De Raad kan de door het Uwv in hoger beroep gegeven toelichting volgen. Gegeven de rapporten van de verkeringsartsen en de arbeidsdeskundigen, nog aangevuld met de in hoger beroep door de arbeidsdeskundige bezwaar en beroep gegeven nadere motivering, zijn de geselecteerde functies voor appellant, gelet op zijn belastbaarheid, passend. De Raad is dan ook van oordeel dat het bestreden besluit op een deugdelijke arbeidskundige onderbouwing berust.
5. Op grond van hetgeen in 4.1 tot en met 4.6 is overwogen slaagt het hoger beroep niet en dient de aangevallen uitspraak te worden bevestigd.

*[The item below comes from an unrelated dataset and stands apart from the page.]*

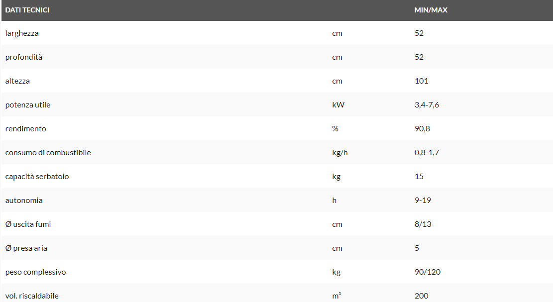 Stufa a pellet stagna a sezione rotonda con porta curva in acciaio e vetro piano. La porta, priva di griglie, e i fianchi presentano decorazioni in bassorilievo.

6. Er is geen aanleiding voor een veroordeling in de proceskosten.

BESLISSING

De Centrale Raad van Beroep bevestigt de aangevallen uitspraak.
Deze uitspraak is gedaan door J.W. Schuttel als voorzitter en R.E. Bakker en
G. van Zeben-de Vries als leden, in tegenwoordigheid van M. Crum als griffier. De beslissing is uitgesproken in het openbaar op 11 september 2015.